The Truth about Gluten

bread

Over the past 5 years, we have seen a huge boost in the relevance of ‘gluten free’. Whether being uttered by the health fanatic in the office, or the appearance of products in the local supermarket or on TV adverts- it feels like ‘gluten-free’ is everywhere.

All of a sudden, all food products that contain wheat are off the menu. In their place are gluten-free versions. Gluten-free croissants, breads, pizzas, so on and so forth.

The initial question is ‘what is gluten’ and ‘is it really bad for you?’

Gluten is a mix of 2 proteins called gliadin and glutenin, which exist in certain cereal grains. The popular misconception is that gluten only exists in wheat products, but the truth is that it exists other cereal grains like rye and barley.  Gluten has elastic properties, which give baked foods (such as bread) that spongy, chewy texture.   Gluten is what makes bread special. Without gluten, these foods would be brittle and crumble, and would lack that satisfying texture. Below is a list of some grains that contain gluten:

  • Barley/Malt
  • Rye
  • Millet
  • Spelt
  • Durum wheat
  • Amaranth

Who is impacted by gluten?

The most common sufferers are those who have been diagnosed with ‘Celiac’s disease’, which impacts 1% of the general population. Symptoms include: – Digestion problems (diarrhoea, pain, bloating), skin rash, anaemia, joint aches. Other sufferers include those with ‘Irritable bowl syndrome’ (IBT).
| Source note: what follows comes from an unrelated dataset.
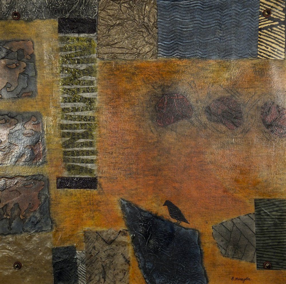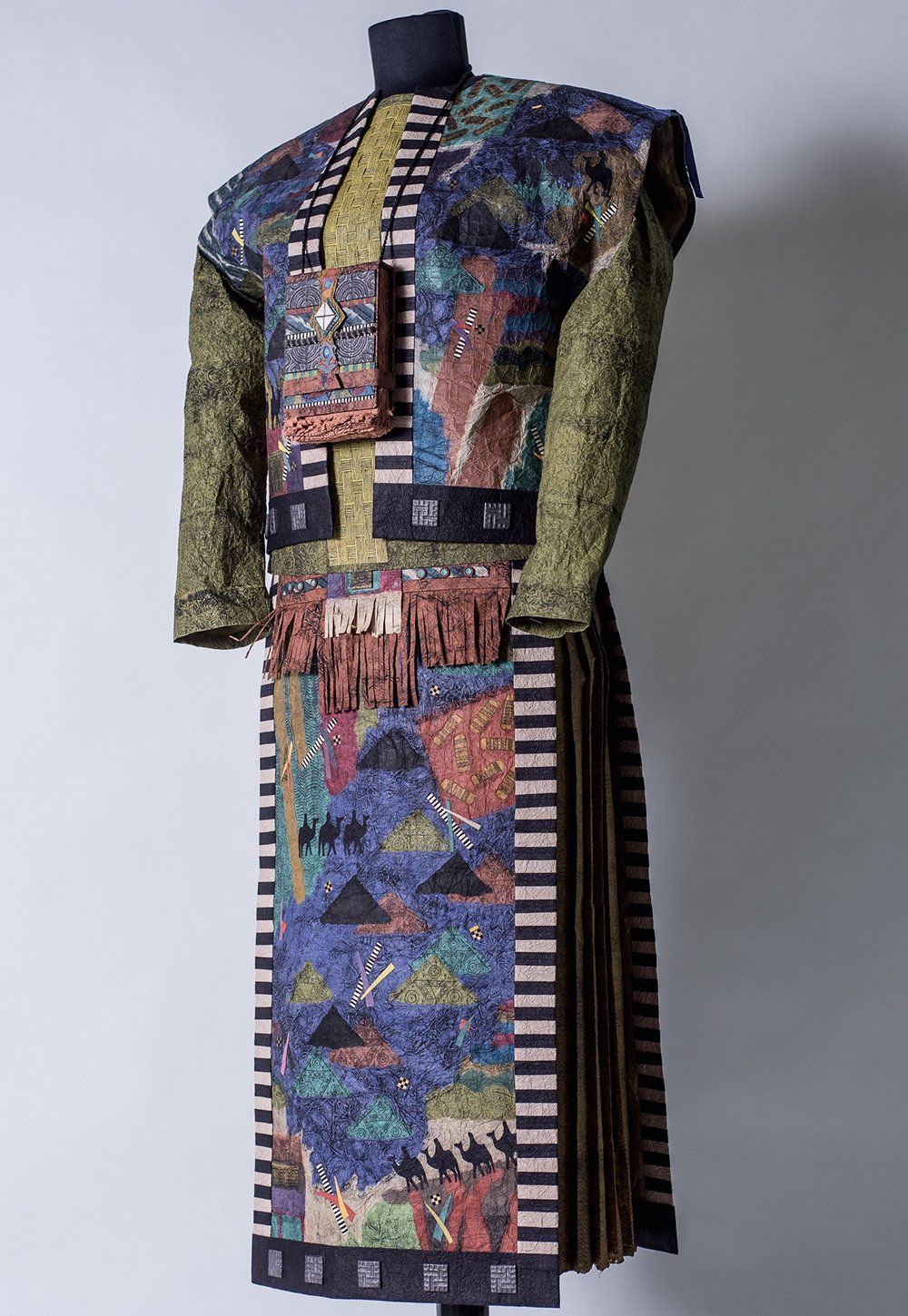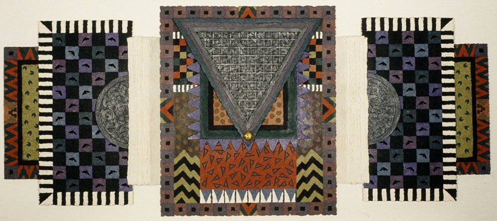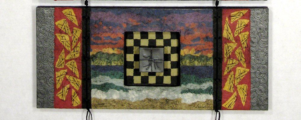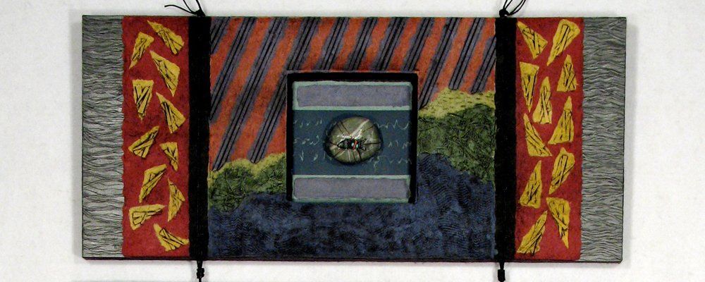 "I often go in less traditional, three dimensional directions in my artwork. While experimenting with paper as a “fabric", I created a three piece dress that is made with collagraph printed handmade papers that have been treated with Konnyaku paste, allowing the papers to form a wrinkled surface. Using a gentle rubbing technique, the sheets of paper become softer. These large wrinkled sheets are known as “momigami” paper. I then cut these sheets into pattern sections that will eventually be sewn and glued together to form my paper garment. Other two and three demential work is completed in a similar technique.”

A large proportion of the general population has not been diagnosed with a form of gluten sensitivity, meaning he or she should not have any problems with gluten. This then begs the question, “If I’m not gluten intolerant, then why am I struggling with gluten products?”

The Truth

The jury is still out on this, with so many different opinions flying around. The extent of studies on the subject is large, but the theories why people are suffering as varied. Here is a list of a few:

Bread quality has dropped over the years – More and more impurities are being added to store-purchased bread, and it is these impurities that are causing digestive issues.

Overconsumption – Bread is very starchy and sugary in nature. When consumed in large quantities, it can sit in the gut for too long and be fermented by gut bacteria. This causes discomfort via abdominal bloating and cramping.

Modern Wheat – Wheat itself has changed due to industrialisation and processing. Today’s wheat is void of nutrients and essential properties that used to make it suitable for human consumption

Conclusion

Regardless of what others say, it’s your prerogative whether to eat food that contains gluten or not. No one knows your body better than you, and if certain foods do cause discomfort – you should avoid. It’s important to educate yourself properly on suitable replacements for gluten because food companies are pumping out products which are claimed to be gluten-free, yet contain so much other rubbish. Read labels, ask questions and do your research. That way you will find truly beneficial replacements for your gluten problem.